WANG Xuan
Folk legends depict Naodongfang as an auspicious and positive custom, in contrast to the intellectuals’ negative comments found in historical manuscripts concerning Naodongfang. The three types (stories of auspicious and mythical figures who were incarnated as respected emperors and initiated Naodongfang; tales of folk heroes who were brave and courageous enough to fight villains such as bad emperors or demons; and urban legends of everyday people’s experiences), affirm Naodongfang as an essential component of a Chinese wedding. The beliefs and legends underlie the practice of lively and noisy weddings and led to the pervasiveness of Naodongfang that continues until today. Folk legends and their related beliefs speak to the longevity of Naodongfang and suggest its historical and present importance.

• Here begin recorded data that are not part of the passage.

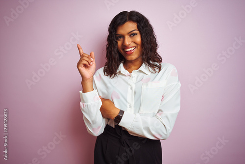 Transsexual transgender businesswoman standing over isolated pink background with a big smile on face, pointing with hand and finger to the side looking at the camera.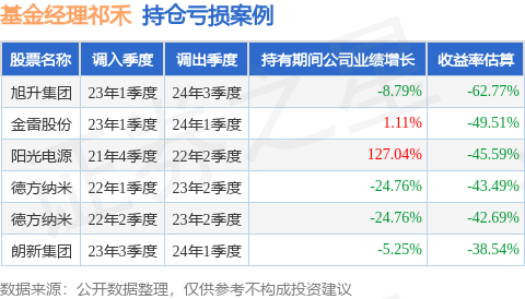 祁禾管理的易方达新丝路灵活配置混合基金在23年1季度买入旭升集团,在持有1年又2个季度后在24年3季度卖出。持有期间的估算收益率为-62.77%,持有期间旭升集团在2023年到2024年的年报营业总收入降幅为8.79%。
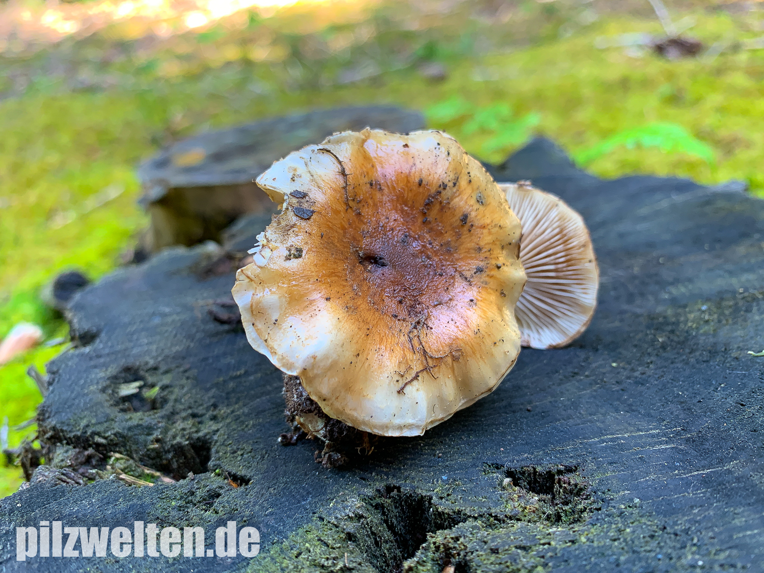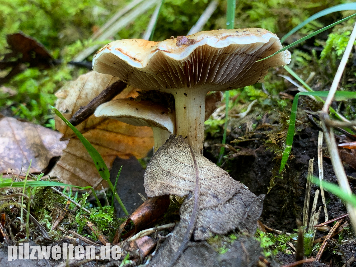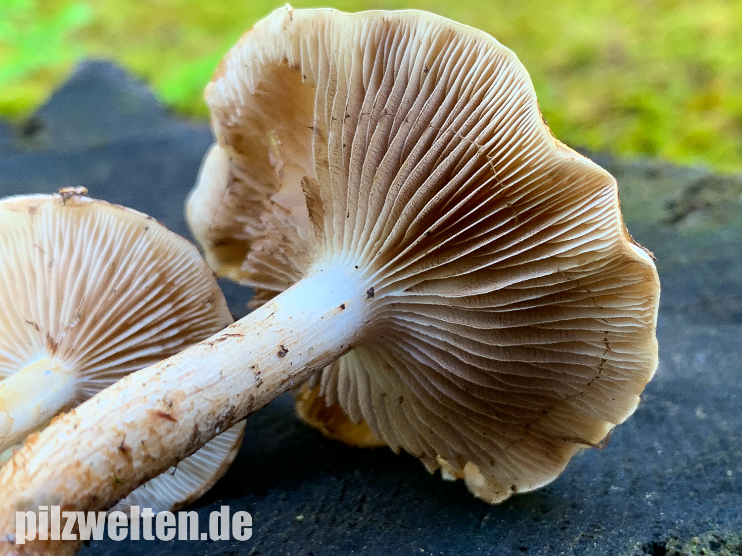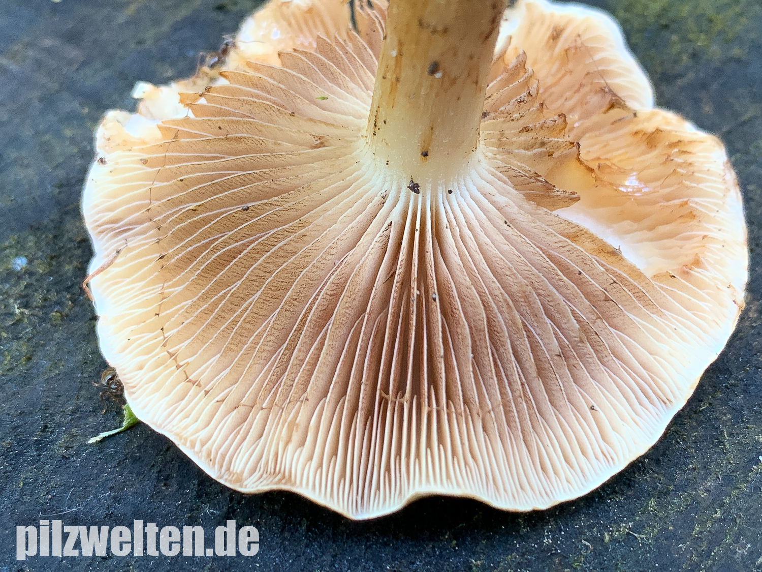 - Lamellen deutlich am Stiel angewachsen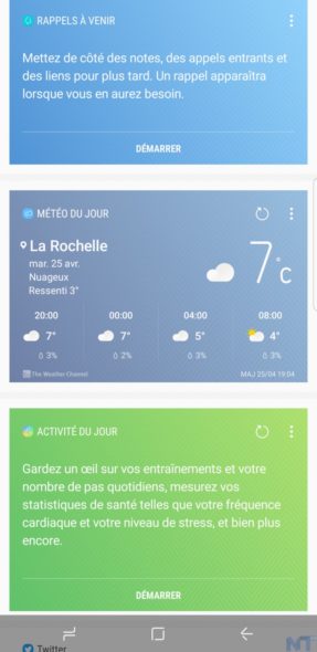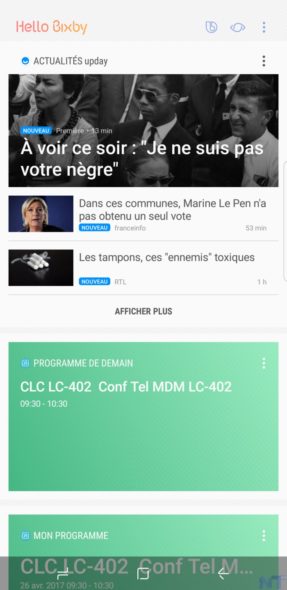 La page d’écran d’accueil la plus à gauche sur le Galaxy S8+, pour une raison quelconque, est nommée « Hello Bixby », plutôt que « Bixby ». C’est un écran analogue à Google Now, qui regroupe beaucoup d’informations, notamment sur votre style de vie, comme les alarmes, les prochains rendez-vous de l’agenda, les rappels, les dernières news, les prévisions météorologiques, les pages Web fréquemment visitées, et plus encore. Il agit comme un résumé de votre journée.
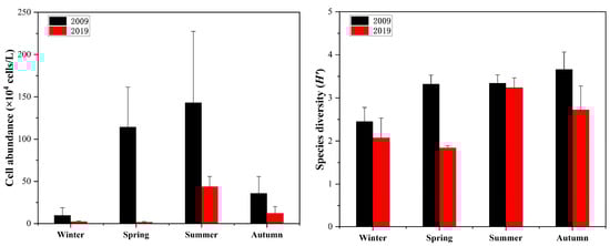 The seasonal variations in the average phytoplankton cell abundance in 2009 and 2019 are shown in Figure 4. The seasonal variation in phytoplankton cell abundance in 2009 decreased in the following order: summer (143.064 × 104 cells/L) > spring (114.285 × 104 cells/L) > autumn (35.821 × 104 cells/L) > winter (9.607 × 104 cells/L). The abundance of phytoplankton cells ranged from 9.61 to 143.06 × 104 cells/L in 2009, with a mean value of 75.69 × 104 cells/L. The seasonal variation in phytoplankton cell abundance in 2019 decreased in the following order: summer (43.788 × 104 cells/L) > autumn (12.124 × 104 cells/L) > winter (2.375 × 104 cells/L) > spring (1.576 × 104 cells/L). The abundance of phytoplankton cells ranged from 2.38 to 43.79 × 104 cells/L in 2019, with a mean value of 14.97 × 104 cells/L. The t-test showed a significant difference in phytoplankton abundance between 2009 and 2019 in summer (t = 5.273, p < 0.001).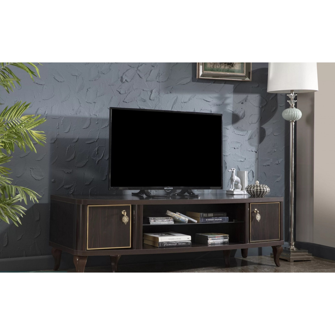 Тумба под ТВ "Легенда" предназначена для размещения большого плазменного телевизора. Ее дизайн заслуживает Вашего внимания, изделие представлено в классическом белом стиле с золотистыми полосами на дверцах и белыми изогнутыми сужающимися к полу ножками. По центру тумбы находится углубление под два отделения, разделенные стеклянной полкой. За счет использования высококачественных материалов, удалось добиться долговечности данного изделия.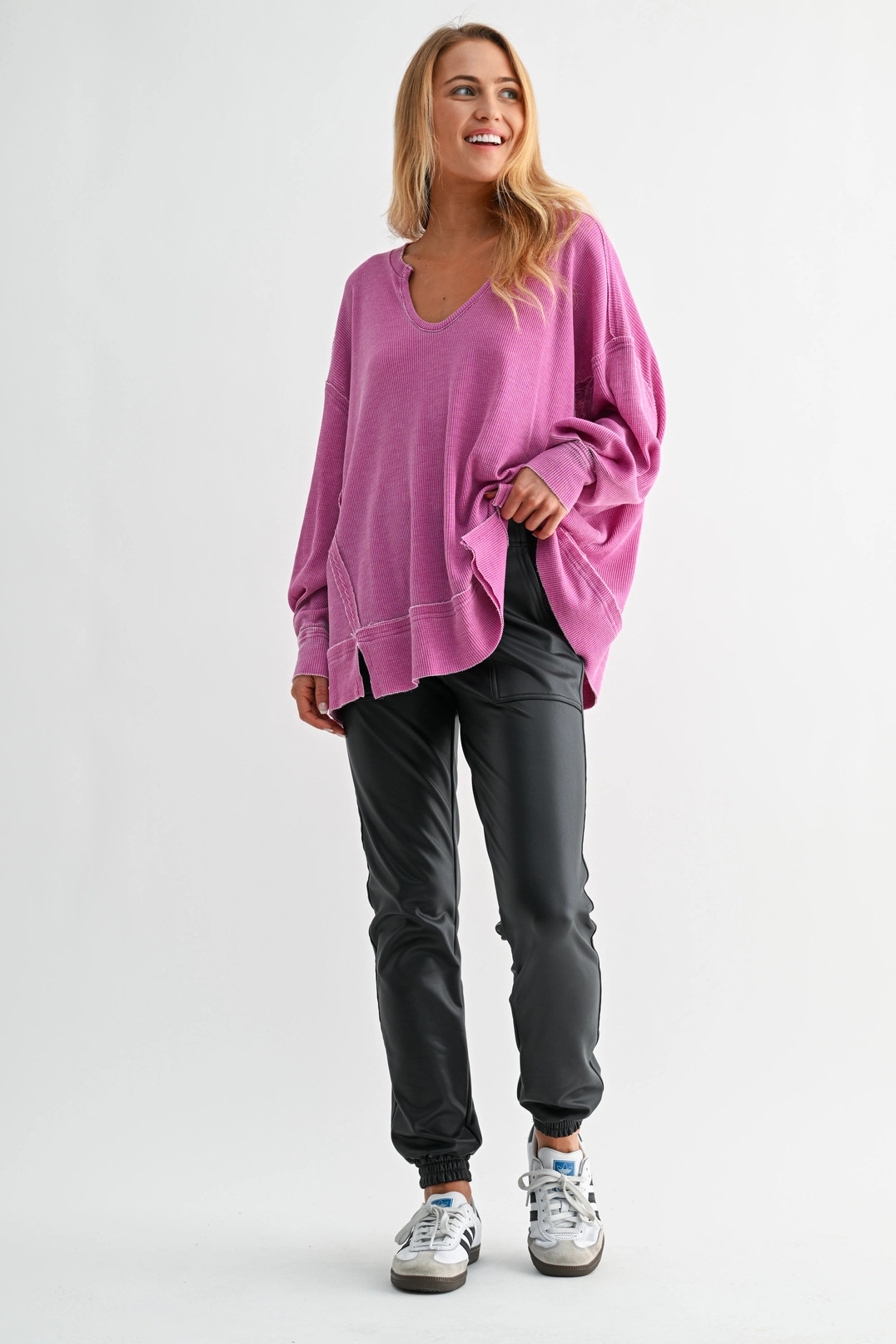 Effortless meets edgy in this mineral-washed waffle-knit top, designed for comfort with a fashion-forward silhouette. Raw seam edges and hemline slits give it a lived-in vibe, while inverted pleats at the cuffs add subtle volume to the sleeves. Whether layered over leggings or styled solo with denim, this piece brings texture, movement, and streetwise charm to your everyday wardrobe.
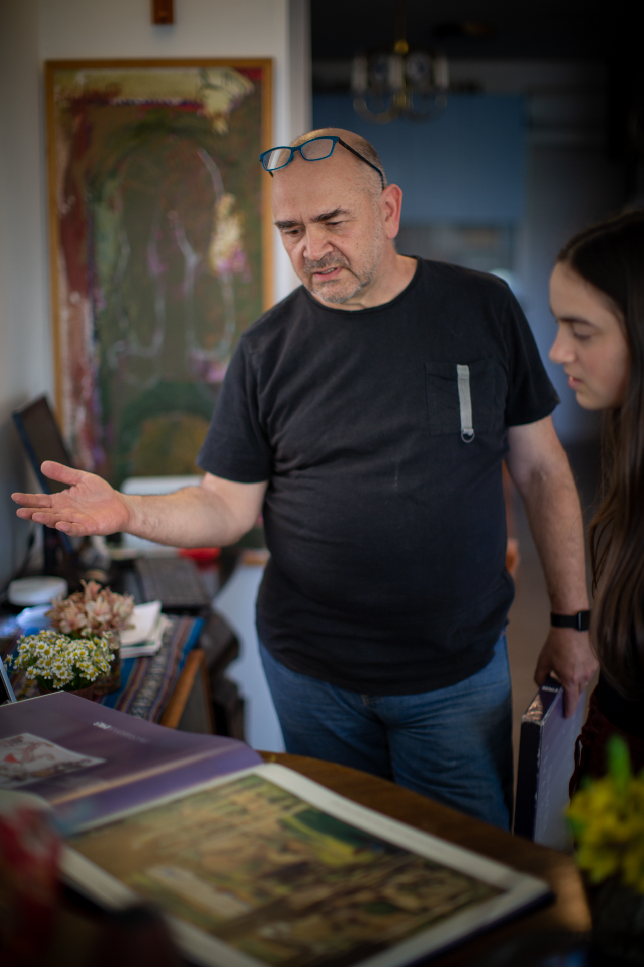 על פסנתר הכנף שבסלון ביתם מונח ספר גדול שעוסק בתקופה המכונה "העונות הרוסיות בפריז", תקופה חשובה באמנות הרוסית ובאמנות בכלל שהתרחשה בין 1908 ל-1929, השנה שבה נפטר מבקר האמנות ומפיק הבלט סרגיי דיאגילב.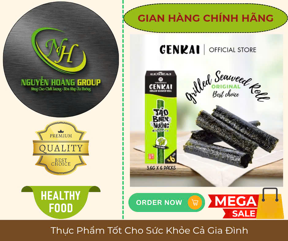 ✨Hộp 6 Cuộn - Rong Biển Nướng Cuộn Vị Tự Nhiên GENKAI 21.6g( 3.6g × 6 Cuộn)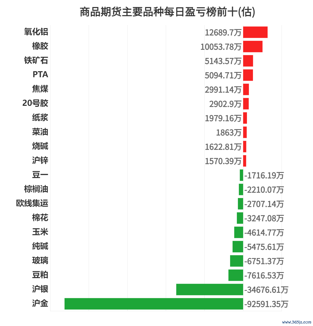 品种盈亏榜:今日商品期货上榜机构席位中氧化铝盈利第一,为12689.70万元。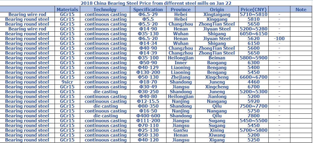 2018 China Bearing Steel Price from different steel mills on Jan 22

Keywords: Naodongfang, folk legends, folk beliefs, wedding customs, personal experience narratives
Introduction
Today, the invitation, “Groom and Bride, please enter the Dongfang (新人入洞房),” frequently signifies the end of a wedding ceremony and signals guests that they can start enjoying the feast. “Dongfang,” that translates literally to “cave house” (dong” means “cave” and “fang” is “house”), refers to the bridal chamber or newlyweds’ bedroom. The character “Nao” is a verb meaning to make something lively. Naodongfang (鬧洞房) is comprised of wedding pranks and games with sexual innuendo that generally take place in the newlywed’s bed chamber on the wedding night. On the one hand, Naodongfang has a history of over 2000 years. It was a widely recognized initiation by around 32-92 BCE according to a reference in The History of the Former Han Dynasty: Geographic Records (《漢書?地理志》) (Chen, 1998; Qu, 2002; Shang, 2000; Zhu, 2009). Huipeng Shang argues that, during the 2000 years, the custom has not fundamentally changed (2000, p. 211). On the other hand, to maintain the separation between genders and restrict sexual freedom, the Chinese upper classes consistently tried to shape, if not ban and eliminate, Naodongfang. However, 2000 years of attempts to prohibit Naodongfang have failed; the tradition is still alive and popular, proving its longevity and resilience.
Folk legends and beliefs represent a primary source that speaks to the longevity of Naodongfang and suggests its historical importance to at least some families and regions of China. In contrast to the intellectuals’negative comments found in historical manuscripts concerning Naodongfang, folk legends generally reflect more positive attitudes towards the custom. Many are origin stories that focus on the important and well-respected historical figures who supposedly created Naodongfang and who often fought off evil authorities or monsters in the process.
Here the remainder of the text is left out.